__PROBLEM TO WORK ON__: Restate the listing below word for word, omitting any images.

'''

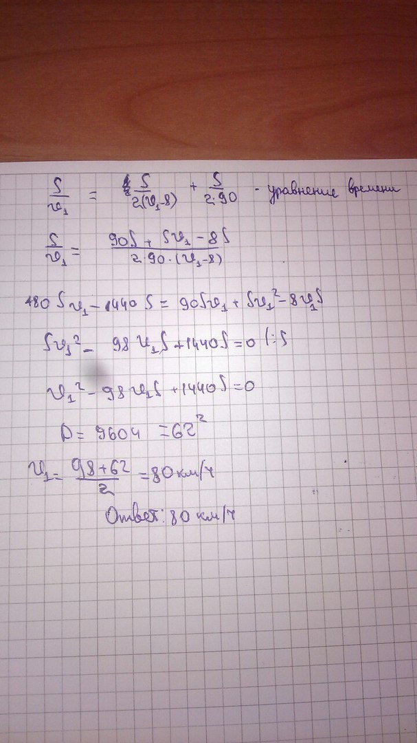 Из А в B одновременно выехали два автомобилиста. Первый проехал с постоянной скоростью весь путь. Второй проехал первую половину пути со скоростью, меньшей скорости первого автомобилиста на 8 км/ч, а вторую половину пути проехал со скоростью 90 км/ч, в результате чего прибыл в B одновременно с первым автомобилистом. Найдите скорость первого автомобилиста, если известно, что она больше 75 км/ч.
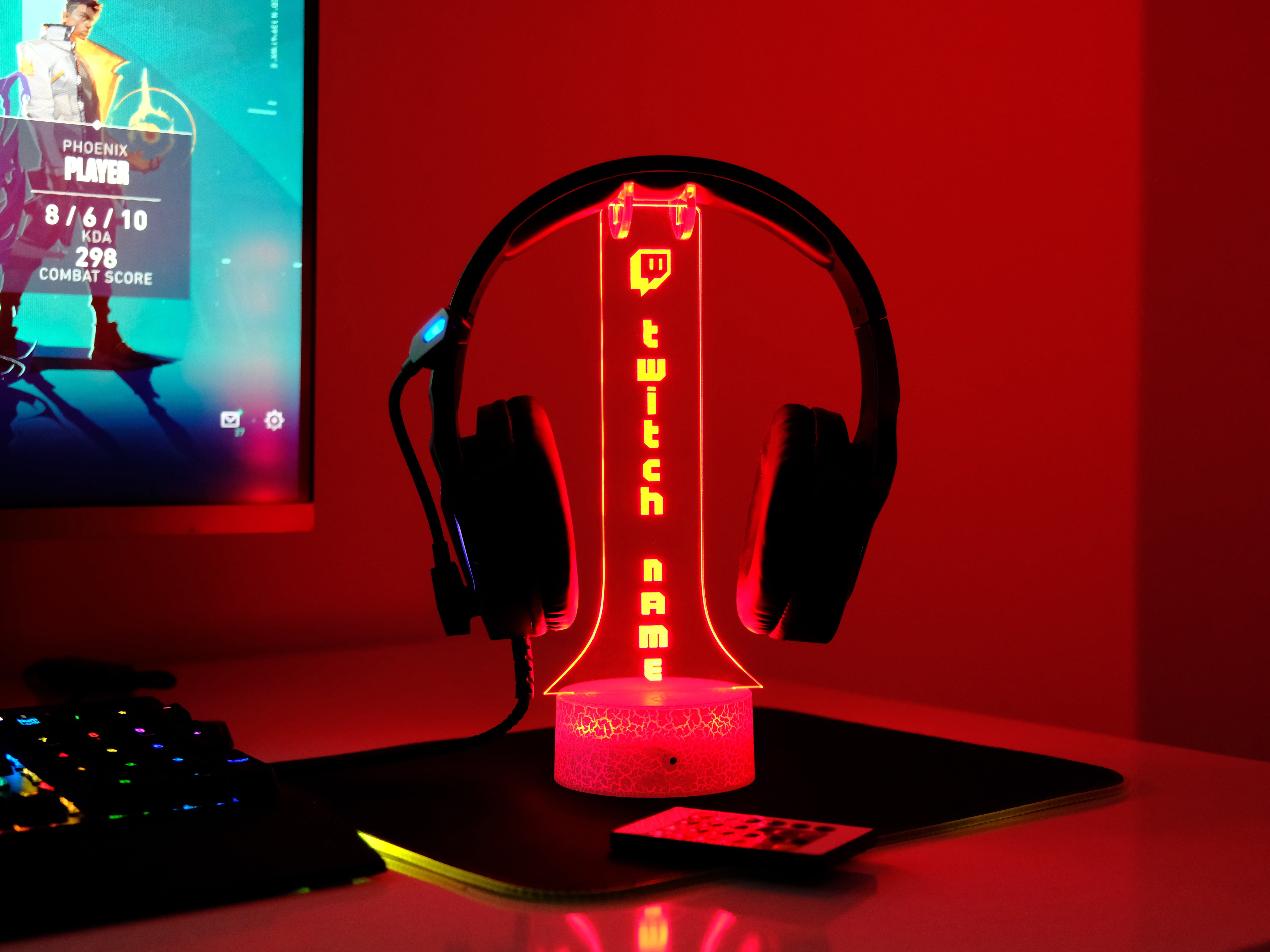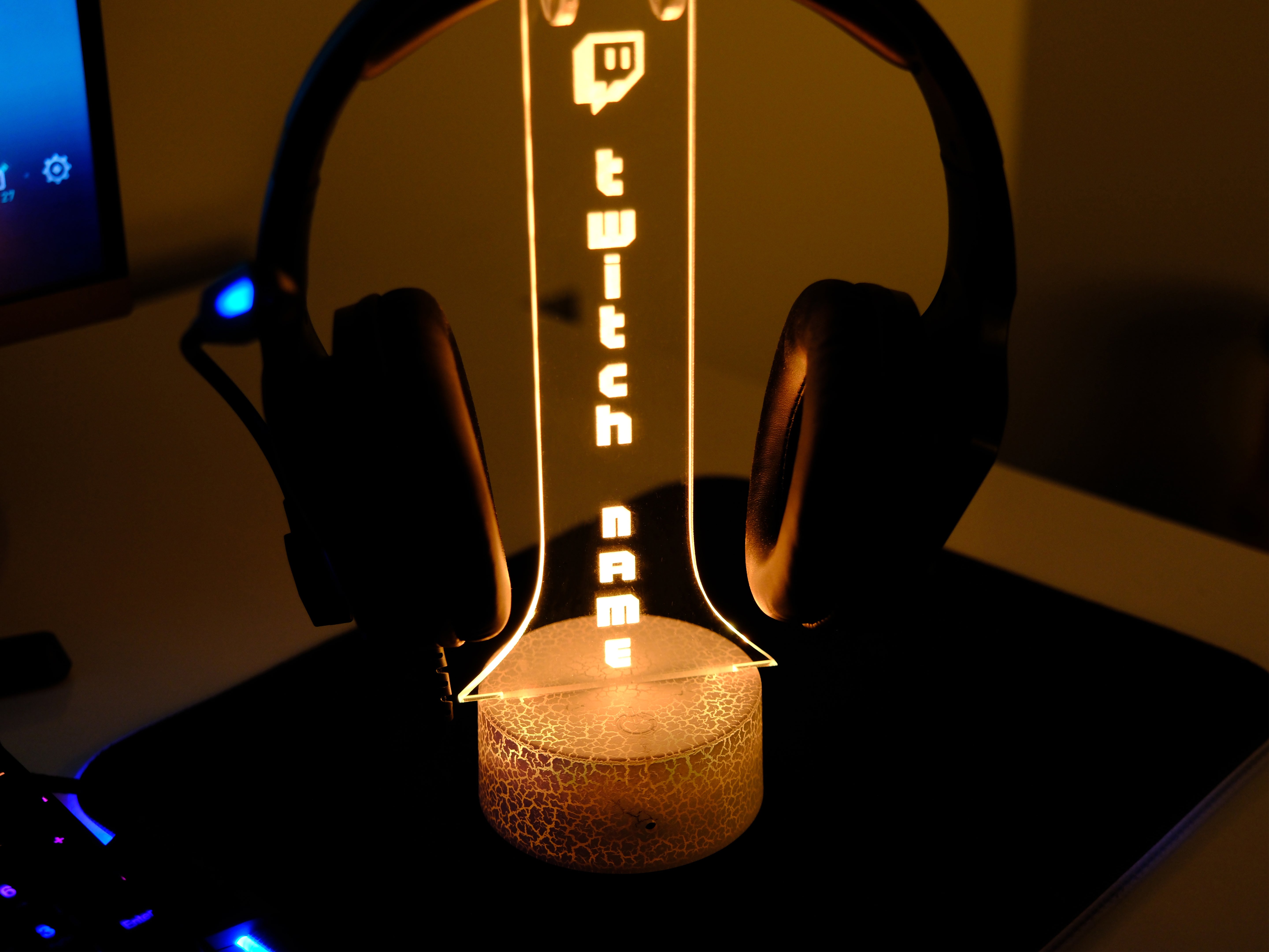 Twitch Headphone Stand – Personalized RGB Gaming Headset Holder for Streamers
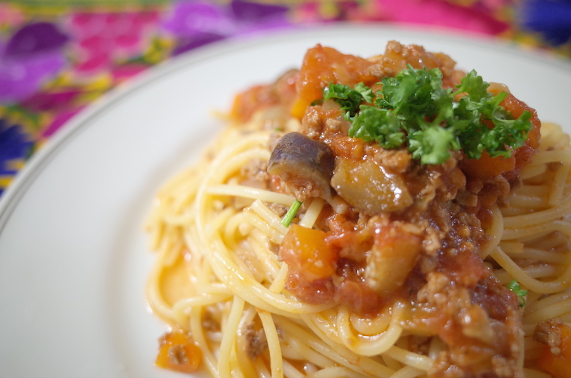 ●ナスとひき肉のパスタ(トマトソース)
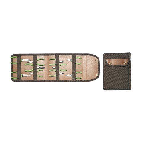 The Jensen Tools DKIT10 (117-736) is a 10-pc. electronic plier kit. A comprehensive assortment of precision tools organized and protected in a durable Cordura case. Kit contains five cutters and five pliers. Cutters include models MS54, MS54-9J, MS54-3J, GA54J, and EC54J. Pliers include models L4, SN55, NN55G, CN55G, and DN54G. Brown case has heavy-duty, wide elastic straps and a snap cover to securely hold pliers.
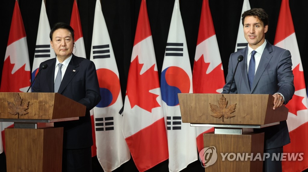 OTTAWA, Sept. 23 (Yonhap) -- South Korean President Yoon Suk-yeol and Canadian Prime Minister Justin Trudeau met in Ottawa on Friday and agreed to strengthen cooperation on minerals and natural resources to help secure stable supply chains.
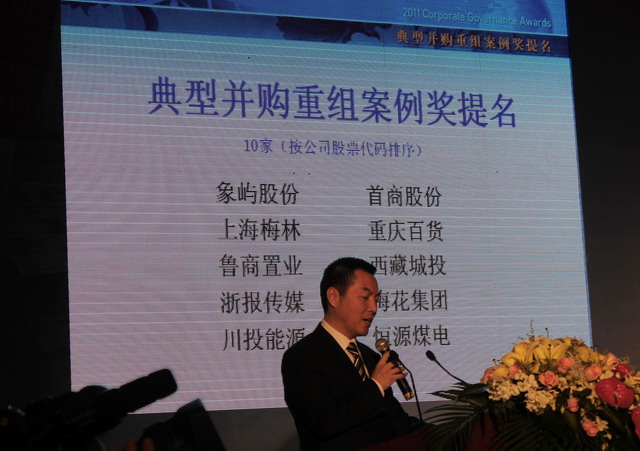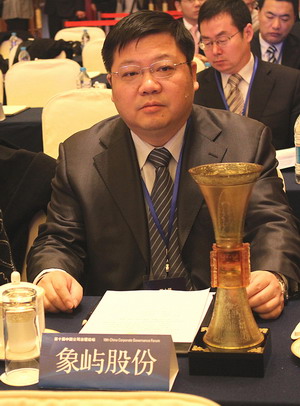 2011年12月19日,由上海證券交易所主辦、國務(wù)院國資委和經(jīng)濟合作與發(fā)展組織(OECD)共同支持的第十屆中國公司治理論壇在上海召開。中國證監(jiān)會主席郭樹清、上海市委副書記、市長韓正、上海市委常委、副市長屠光紹等領(lǐng)導出席論壇并給獲得公司治理專項獎的各獲獎上市公司頒獎。象嶼集團副總裁、象嶼股份副董事長陳方代表公司應邀出席論壇。今年,象嶼股份因其在歷時2年多的破產(chǎn)重整和資產(chǎn)重組中的優(yōu)良表現(xiàn)和創(chuàng)新而獲得“典型并購重組案例獎”提名。此獎項代表著業(yè)界和上交所對于象嶼股份成功借殼上市的肯定和贊賞。
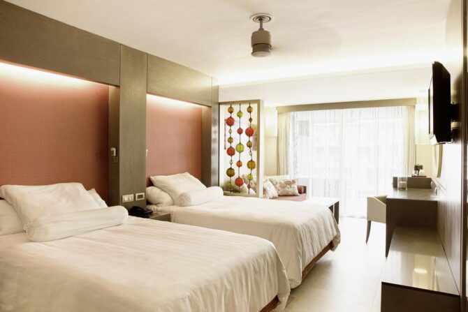 There are a total of 1402 rooms of different categories in Barceló Bavara Palace. They are modern, furnished and equipped with modern furniture and appliances. Each has an iPod station, widescreen TV, telephone, refrigerator, and many categories have microwaves and computers.
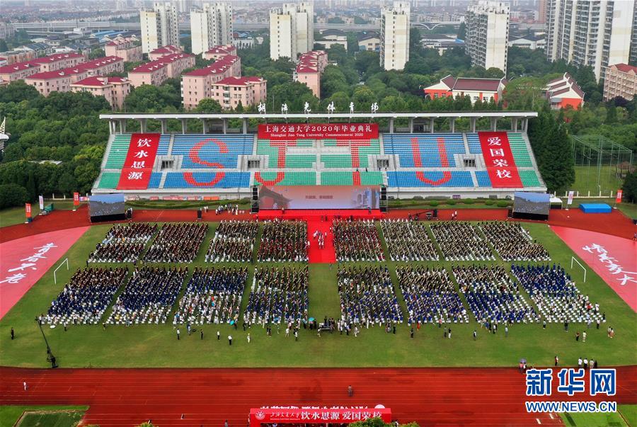 7月12日拍摄的上海交通大学2020年毕业典礼现场(无人机照片)。 新华社记者 刘颖 摄
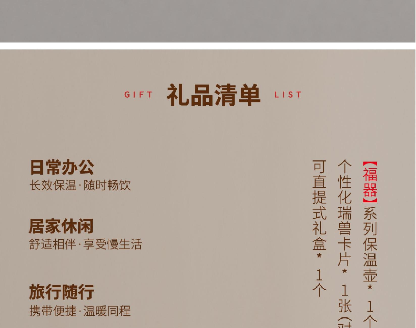 【福气】系类保温壶*1个(6款可选)个性化瑞兽卡片*1张(对应壶款)可直接提式礼盒*1个
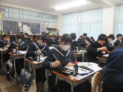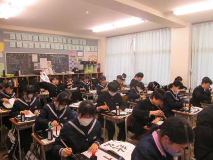 本日5限、3学期始業式の日に行う、校内書き初め大会に向けた練習を行いました。

'''

__SOLUTION BELOW__:
 Из А в B одновременно выехали два автомобилиста. Первый проехал с постоянной скоростью весь путь. Второй проехал первую половину пути со скоростью, меньшей скорости первого автомобилиста на 8 км/ч, а вторую половину пути проехал со скоростью 90 км/ч, в результате чего прибыл в B одновременно с первым автомобилистом. Найдите скорость первого автомобилиста, если известно, что она больше 75 км/ч.
 Twitch Headphone Stand – Personalized RGB Gaming Headset Holder for Streamers
 ●ナスとひき肉のパスタ(トマトソース)
 The Jensen Tools DKIT10 (117-736) is a 10-pc. electronic plier kit. A comprehensive assortment of precision tools organized and protected in a durable Cordura case. Kit contains five cutters and five pliers. Cutters include models MS54, MS54-9J, MS54-3J, GA54J, and EC54J. Pliers include models L4, SN55, NN55G, CN55G, and DN54G. Brown case has heavy-duty, wide elastic straps and a snap cover to securely hold pliers.
 OTTAWA, Sept. 23 (Yonhap) -- South Korean President Yoon Suk-yeol and Canadian Prime Minister Justin Trudeau met in Ottawa on Friday and agreed to strengthen cooperation on minerals and natural resources to help secure stable supply chains.
 2011年12月19日,由上海證券交易所主辦、國務(wù)院國資委和經(jīng)濟合作與發(fā)展組織(OECD)共同支持的第十屆中國公司治理論壇在上海召開。中國證監(jiān)會主席郭樹清、上海市委副書記、市長韓正、上海市委常委、副市長屠光紹等領(lǐng)導出席論壇并給獲得公司治理專項獎的各獲獎上市公司頒獎。象嶼集團副總裁、象嶼股份副董事長陳方代表公司應邀出席論壇。今年,象嶼股份因其在歷時2年多的破產(chǎn)重整和資產(chǎn)重組中的優(yōu)良表現(xiàn)和創(chuàng)新而獲得“典型并購重組案例獎”提名。此獎項代表著業(yè)界和上交所對于象嶼股份成功借殼上市的肯定和贊賞。
 There are a total of 1402 rooms of different categories in Barceló Bavara Palace. They are modern, furnished and equipped with modern furniture and appliances. Each has an iPod station, widescreen TV, telephone, refrigerator, and many categories have microwaves and computers.
 7月12日拍摄的上海交通大学2020年毕业典礼现场(无人机照片)。 新华社记者 刘颖 摄
 【福气】系类保温壶*1个(6款可选)个性化瑞兽卡片*1张(对应壶款)可直接提式礼盒*1个
 本日5限、3学期始業式の日に行う、校内書き初め大会に向けた練習を行いました。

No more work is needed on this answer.